# Hands-On Exercise: Word Embedding using One-Hot Encoding

In [1]:


# Step 1: Define the corpus
corpus = [
    'I love natural language processing',
    'Natural language processing is amazing',
    'I love learning new techniques',
    'Techniques in natural language processing are evolving',
    'NIC Experts are learning Natural Language Processing'
]



In [2]:
# Step 2: Create a Vocabulary
# Convert to lowercase and split each sentence into words
vocab = set([word.lower() for sentence in corpus for word in sentence.split()])

# Assign an index to each word
word_to_index = {word: index for index, word in enumerate(vocab)}
print("Vocabulary:", word_to_index)



Vocabulary: {'techniques': 0, 'evolving': 1, 'i': 2, 'natural': 3, 'amazing': 4, 'processing': 5, 'love': 6, 'learning': 7, 'is': 8, 'new': 9, 'in': 10, 'are': 11, 'experts': 12, 'language': 13, 'nic': 14}


In [3]:
# Step 3: Implement One-Hot Encoding
import numpy as np

# Function to create a one-hot vector for a given word
def one_hot_encode(word, word_to_index, vocab_size):
    one_hot_vector = np.zeros(vocab_size)
    one_hot_vector[word_to_index[word]] = 1
    return one_hot_vector



In [4]:
# One-hot encode the first sentence
sentence = 'I love natural language processing'.lower().split()
vocab_size = len(vocab)

for word in sentence:
    one_hot_vector = one_hot_encode(word, word_to_index, vocab_size)
    print(f"Word: {word}, One-Hot: {one_hot_vector}")

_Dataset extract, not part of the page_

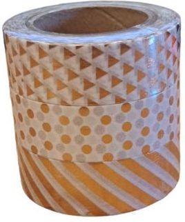 - zestaw taśm dekoracyjnych, papierowych - zawiera: 3 sztuki w różnych wzorach - kolory: złoty - długość jednej taśmy: 10 m - przeznaczone do scrapbookingu i dekoracji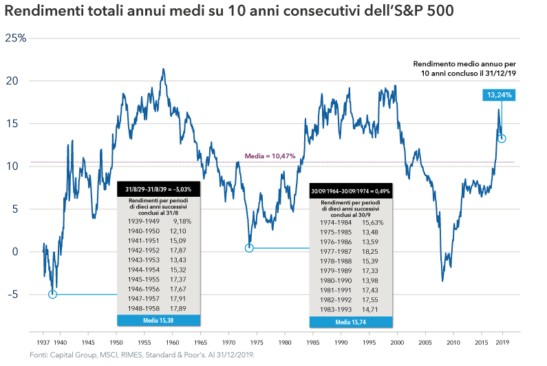 È importante mantenere sempre una visione di lungo termine, soprattutto quando i mercati sono in fase calante. Anche se le azioni salgono e scendono nel breve termine, i listini tendono a premiare gli investitori lungo archi temporali più estesi. Includendo i ribassi, il rendimento medio annuo dell’S&P 500 lungo tutti i periodi di 10 anni dal 1937 al 2019 è stato del 10,47%.

Word: i, One-Hot: [0. 0. 1. 0. 0. 0. 0. 0. 0. 0. 0. 0. 0. 0. 0.]
Word: love, One-Hot: [0. 0. 0. 0. 0. 0. 1. 0. 0. 0. 0. 0. 0. 0. 0.]
Word: natural, One-Hot: [0. 0. 0. 1. 0. 0. 0. 0. 0. 0. 0. 0. 0. 0. 0.]
Word: language, One-Hot: [0. 0. 0. 0. 0. 0. 0. 0. 0. 0. 0. 0. 0. 1. 0.]
Word: processing, One-Hot: [0. 0. 0. 0. 0. 1. 0. 0. 0. 0. 0. 0. 0. 0. 0.]


In [5]:
# Step 4: Encode Entire Corpus
def encode_sentence(sentence, word_to_index, vocab_size):
    encoded_sentence = []
    for word in sentence.lower().split():
        encoded_sentence.append(one_hot_encode(word, word_to_index, vocab_size))
    return np.array(encoded_sentence)



In [6]:
print (vocab)

{'techniques', 'evolving', 'i', 'natural', 'amazing', 'processing', 'love', 'learning', 'is', 'new', 'in', 'are', 'experts', 'language', 'nic'}


In [7]:
# One-hot encode each sentence in the corpus
for sentence in corpus:
    encoded_matrix = encode_sentence(sentence, word_to_index, vocab_size)
    print(f"Sentence: {sentence}")
    print("One-Hot Encoded Matrix:")
    print(encoded_matrix)



Sentence: I love natural language processing
One-Hot Encoded Matrix:
[[0. 0. 1. 0. 0. 0. 0. 0. 0. 0. 0. 0. 0. 0. 0.]
 [0. 0. 0. 0. 0. 0. 1. 0. 0. 0. 0. 0. 0. 0. 0.]
 [0. 0. 0. 1. 0. 0. 0. 0. 0. 0. 0. 0. 0. 0. 0.]
 [0. 0. 0. 0. 0. 0. 0. 0. 0. 0. 0. 0. 0. 1. 0.]
 [0. 0. 0. 0. 0. 1. 0. 0. 0. 0. 0. 0. 0. 0. 0.]]
Sentence: Natural language processing is amazing
One-Hot Encoded Matrix:
[[0. 0. 0. 1. 0. 0. 0. 0. 0. 0. 0. 0. 0. 0. 0.]
 [0. 0. 0. 0. 0. 0. 0. 0. 0. 0. 0. 0. 0. 1. 0.]
 [0. 0. 0. 0. 0. 1. 0. 0. 0. 0. 0. 0. 0. 0. 0.]
 [0. 0. 0. 0. 0. 0. 0. 0. 1. 0. 0. 0. 0. 0. 0.]
 [0. 0. 0. 0. 1. 0. 0. 0. 0. 0. 0. 0. 0. 0. 0.]]
Sentence: I love learning new techniques
One-Hot Encoded Matrix:
[[0. 0. 1. 0. 0. 0. 0. 0. 0. 0. 0. 0. 0. 0. 0.]
 [0. 0. 0. 0. 0. 0. 1. 0. 0. 0. 0. 0. 0. 0. 0.]
 [0. 0. 0. 0. 0. 0. 0. 1. 0. 0. 0. 0. 0. 0. 0.]
 [0. 0. 0. 0. 0. 0. 0. 0. 0. 1. 0. 0. 0. 0. 0.]
 [1. 0. 0. 0. 0. 0. 0. 0. 0. 0. 0. 0. 0. 0. 0.]]
Sentence: Techniques in natural language processing are evolving
One-H

## Limitations of One-Hot Encoding:
### 1. Dimensionality: Each word in a large corpus will have a very sparse vector, leading to inefficient storage and computation.
### 2. Semantic Information: One-hot encoding does not capture any information about the relationship between words. Words with similar meanings have orthogonal vectors, which does not reflect their semantic similarity.